# TACP Questions



## G-RAT (May 10, 2016)

My son is leaving in a month for basic and then the TACP pipeline. He still may go the CCT route, but needs to shave a few seconds off his run. I think he prefers the TACP route anyway. I know the answers to most of my questions are out there but a lot of the info seems to be dated and sometimes conflicting. 

For those that have recently gone through the process is there a list of items that you wish you had with you once indoc started? I know that you purposely don’t bring much to basic so I want my son to have a box of stuff ready to get shipped out. Anything that you wish you had or found yourself scrambling to get like boots, socks, running shoes, etc.  Are the boots issued sufficient? If not is there a certain type that you recommend? Any thoughts are welcome.

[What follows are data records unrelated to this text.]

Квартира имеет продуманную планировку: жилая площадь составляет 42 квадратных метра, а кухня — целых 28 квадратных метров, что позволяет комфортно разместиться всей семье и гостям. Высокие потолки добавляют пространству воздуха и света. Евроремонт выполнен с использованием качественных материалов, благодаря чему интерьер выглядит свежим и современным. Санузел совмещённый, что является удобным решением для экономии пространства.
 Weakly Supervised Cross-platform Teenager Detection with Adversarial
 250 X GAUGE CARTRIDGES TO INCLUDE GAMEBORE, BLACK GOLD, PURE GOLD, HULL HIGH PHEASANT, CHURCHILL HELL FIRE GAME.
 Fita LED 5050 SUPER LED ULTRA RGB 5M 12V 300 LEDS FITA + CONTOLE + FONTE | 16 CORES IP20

As part of the recruiting pitch they make it seem like subsequent training is almost a given. I’m guessing that’s not really the case. At what point does extra training start to become available? After 3-4 years?

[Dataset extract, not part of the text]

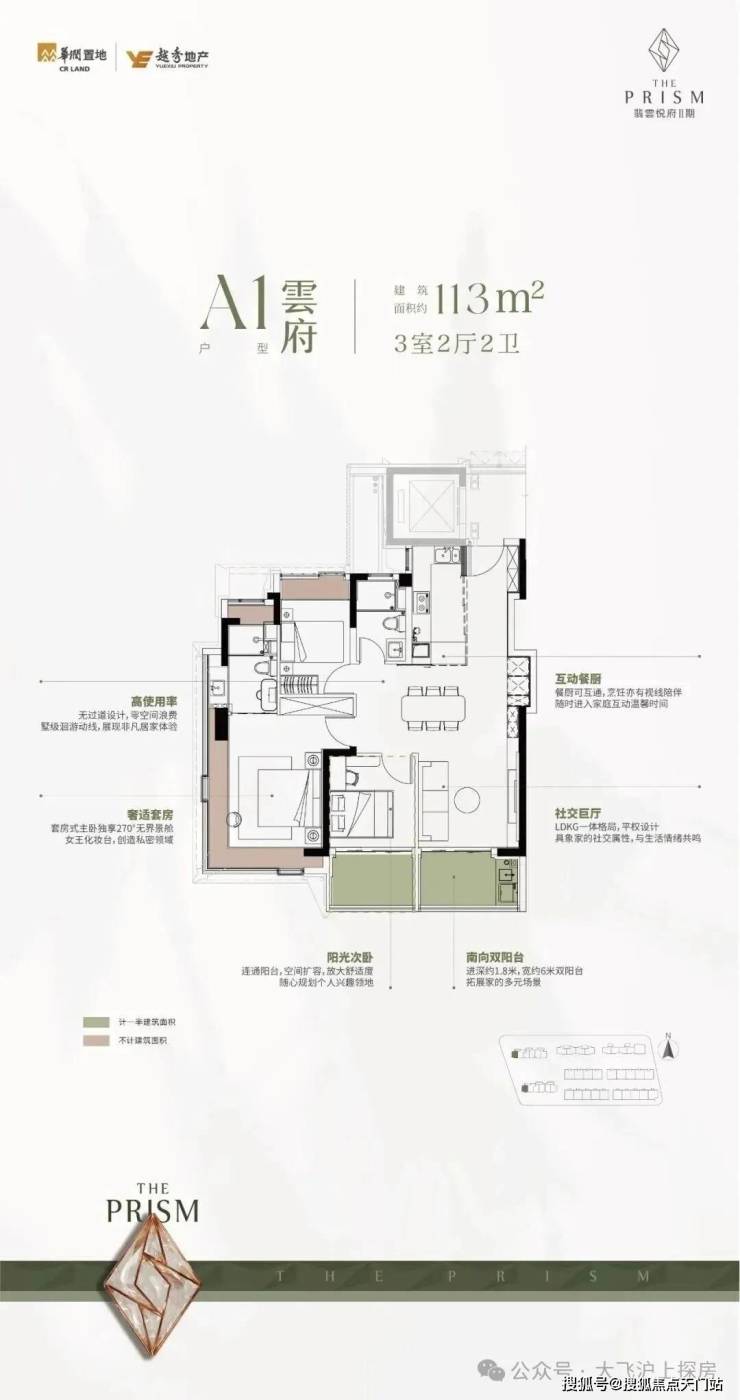 建面约113㎡3房 PrismVilla175-220㎡精装叠墅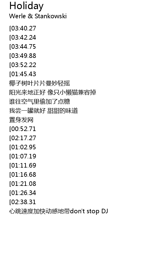 | [03:27.75][02:38.31] | 心跳加快动感地带 Holiday |

Although my son doesn’t even consider this a possibility, is there a typical route for people that wash out? I know that I keep reading Security Forces. His ASVAB scores were pretty high but does that factor in or is it just the needs of the A. F. at that particular time? I think he’ll do fine. He’s about to graduate from college so he’s a little older and very fit. But when you read 50+% failure rate you need to at least consider it. His view, which I admire, is that he has made a commitment and he will give it 100% however things work out. 

Lastly, he joined wanting to be a CCT and was swayed to TACP. Any words of wisdom on one vs the other?

Thank you for any and all responses!


----------



## CDG (May 10, 2016)

The TACP failure rate is historically 70%, with fluctuations up closer to 80%.  If that scares him, then it's not the place for him.  CCT vs TACP has been discussed here before.

As far as items, the USAF will provide him with everything he needs to complete training.  If you want to send something, send morale food for him to chow on during weekends.  Some subsequent training is a given, and some has to be earned.  What, specifically, are you asking about?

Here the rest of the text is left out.